### DATA TO PROCESS

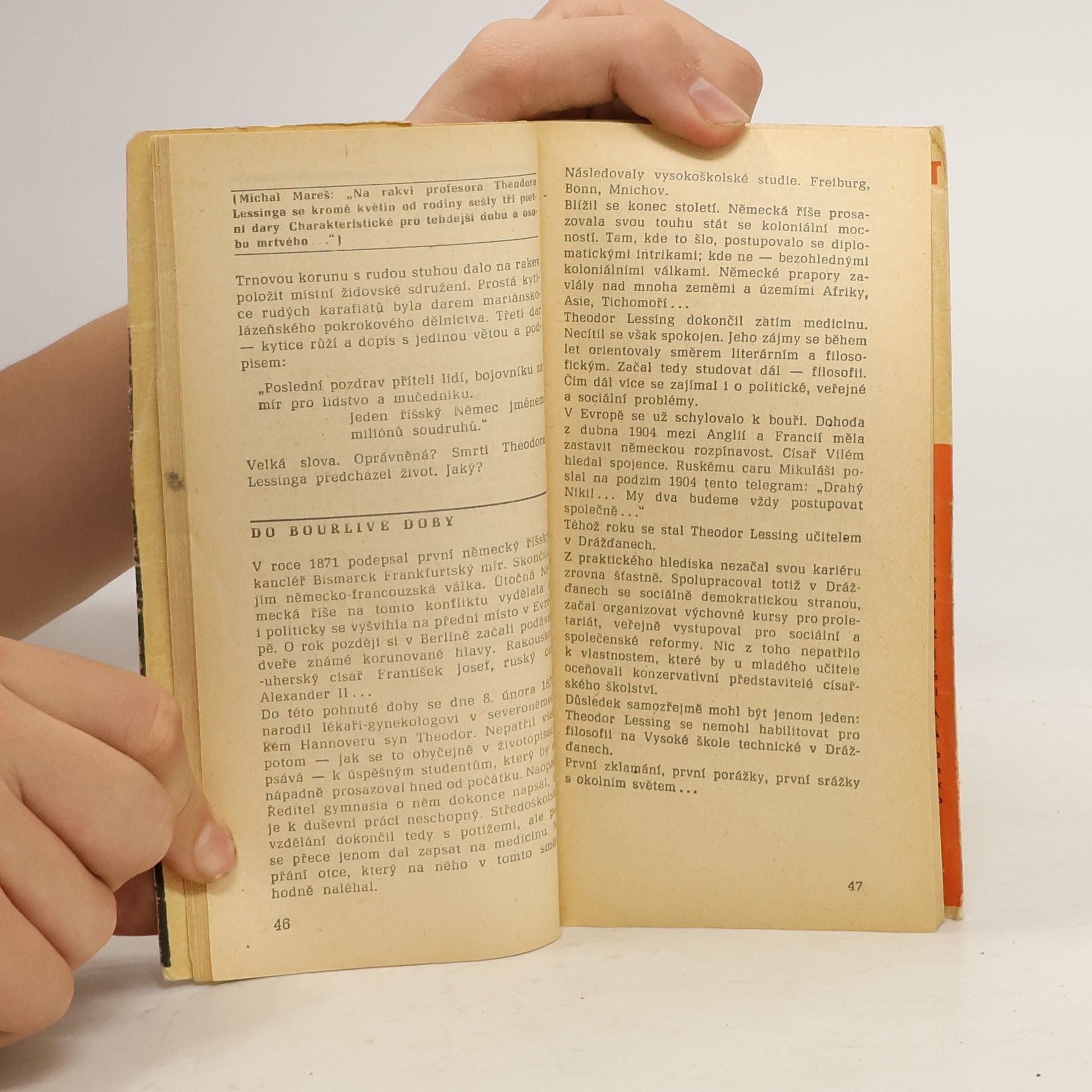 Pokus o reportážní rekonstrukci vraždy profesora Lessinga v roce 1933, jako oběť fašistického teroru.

######
### DATA TO PROCESS

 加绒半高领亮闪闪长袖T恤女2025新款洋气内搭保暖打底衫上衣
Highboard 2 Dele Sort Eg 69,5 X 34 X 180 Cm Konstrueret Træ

######

■ ABOUT THIS TASK:
Using the entries above, return exactly the lines from the line with "加绒半高领亮闪闪长袖T恤女2025新款洋气内搭保暖打底衫上衣" to the line with "Highboard 2 Dele", counting both of those lines.

■ THE ANSWER:
 加绒半高领亮闪闪长袖T恤女2025新款洋气内搭保暖打底衫上衣
Highboard 2 Dele Sort Eg 69,5 X 34 X 180 Cm Konstrueret Træ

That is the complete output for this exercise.